Go Profiler Internals

Profilers provide application developers with critical execution insights that enable resolving performance issues, locating memory leaks, thread contention and more. Although hot code stack traces and call graphs generated by the profilers are usually self-explanatory, it is sometimes necessary to understand how profilers work underneath to infer even greater details about applications from the generated profiles.

This article gives a conceptual overview of Go’s CPU, memory and block profiler implementations aiming to help developers better understand their programs.

CPU profiler

Like many other CPU profilers, the Go’s CPU profiler uses a SIGPROF signal to record code execution statistics. When registered, the signal is delivered every specified time interval. Unlike ordinary timers, the time here is incremented only when the CPU is busy executing the process. The signal interrupts code execution, making it possible to see which code was interrupted, i.e. executing at that moment.

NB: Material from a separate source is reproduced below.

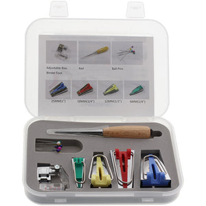 This Bias Tape Maker Set has everything you need to get started making your own bias tape. The kit includes four bias tape makers, an awl, approximately ten pins, and a snap-on adjustable bias binder foot. You get a 1" (25mm), 3/4" (18mm), 1/2" (12mm), and a 1/4" (6mm) bias tape maker in the kit. With all these tools at your disposal, you can finish any project with various types of fabric. To use the bias tape makers, insert a fabric strip and pull through the end to make even, consistent bias tape.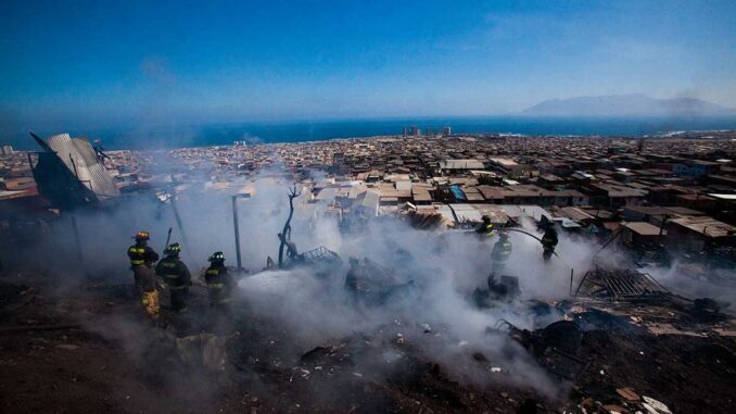 Fuerte incendio destruye 45 viviendas en asentamiento irregular en Chile

When the pprof.StartCPUProfile function is called, a SIGPROF signal handler is registered to be called every 10 milliseconds interval by default, which is internally referred as a rate of 100 Hz. On Unix/Linux, it uses a setitimer(2) system call to set the signal timer.

On every invocation signal, the handler traces back the execution by unwinding it from the current PC value, resulting in a stack trace containing caller function PC values of unwound functions. The stack trace hit count is then incremented, resulting in a list of stack traces grouped by the number of times each stack trace is seen.

After the profiler is stopped with pprof.StopCPUProfile, the stack trace PCs are symbolized to readable stack frames by the Go pprof tool provided that it has access to the executable file. If the profiler is initiated remotely, the Go pprof tool will send a request containing all PCs found in the profile to the actual program, expecting the corresponding stack frame info in return. And if the profiler is initiated by the of StackImpact Go agent, the PCs are symbolized in the same process using the runtime.FuncForPC function and the profile is reported to the Dashboard afterwards.

The end result is that we now know how many times each stack trace was seen executing on the CPU. Now this set of stack traces with corresponding hit counts can be represented in many different ways: as a call graph, flame graph, top calls, and more.

Memory allocation profiler

The memory allocation profiler samples heap allocations and makes it possible to see which function calls allocate how much memory and how often. Tracking every allocation and unwinding a stack trace would be extremely expensive; therefore, a sampling technique is used.

To sample only a fraction of allocations, the sampling relies on a random number generation that follows exponential distribution. The generated numbers define the distance between samples in terms of allocated memory size. Only allocations that cross the next random sampling point are sampled.

To control the size of the fraction of allocations that are sampled, i.e. the average sampling distance, a sampling rate is used. The sampling rate defines the mean of exponential distribution with a default value of 512 KB, specified by the runtime.MemProfileRate variable.

The CDF of the exponential distribution, 1 - e−λx, is used for the sampling distance generation, where λ−1 is the mean and x is the random value. x is calculated by equaling CDF to uniformly distributed random numbers and solving for x. The value of x is then used as a random sampling distance.

Since the memory allocation profiler is always active, the list of stack traces with corresponding sampled allocation info can be requested any time. Dividing each sampled allocation size by its sampling probability, calculated using CDF, scales sampled allocations, as if no sampling has been applied and all allocations were counted.

Similar to the CPU profile, once the stack traces with corresponding allocated memory size and allocation count are ready, they will be symbolized to readable stack frames with source file names, line numbers and function names.

Block profiler

The block profiler samples blocking calls, whether they are channel, mutex, network or file system waits. It is useful in understanding where in the program the most waits happen. It is even more useful when multiple profiles are compared, showing which call has slowed down exactly.

Again, it would be extremely inefficient to time all blocking calls; therefore, a sampling is applied. The profiler only samples calls that on average take longer than the specified sampling rate. The rate is set using the runtime.SetBlockProfileRate function. The rate defines an average distance between samples in nanoseconds. In other words, the profiler will aim to sample one call during the time specified by the rate.

This is achieved by testing if the call duration exceeds the rate or if the random number modulo rate. In other words, the probability of sampling a call with a longer duration grows linearly, hitting 100% for calls equal to or longer than the rate.

Starting and stopping the profiler is initiated by setting the rate to a value >0 and respectively <=0. The profile is accumulated over the activity periods and can be requested at any time. Once the stack traces with corresponding wait times and call counts are ready, they will be symbolized to readable stack frames with source file names, line numbers and function names.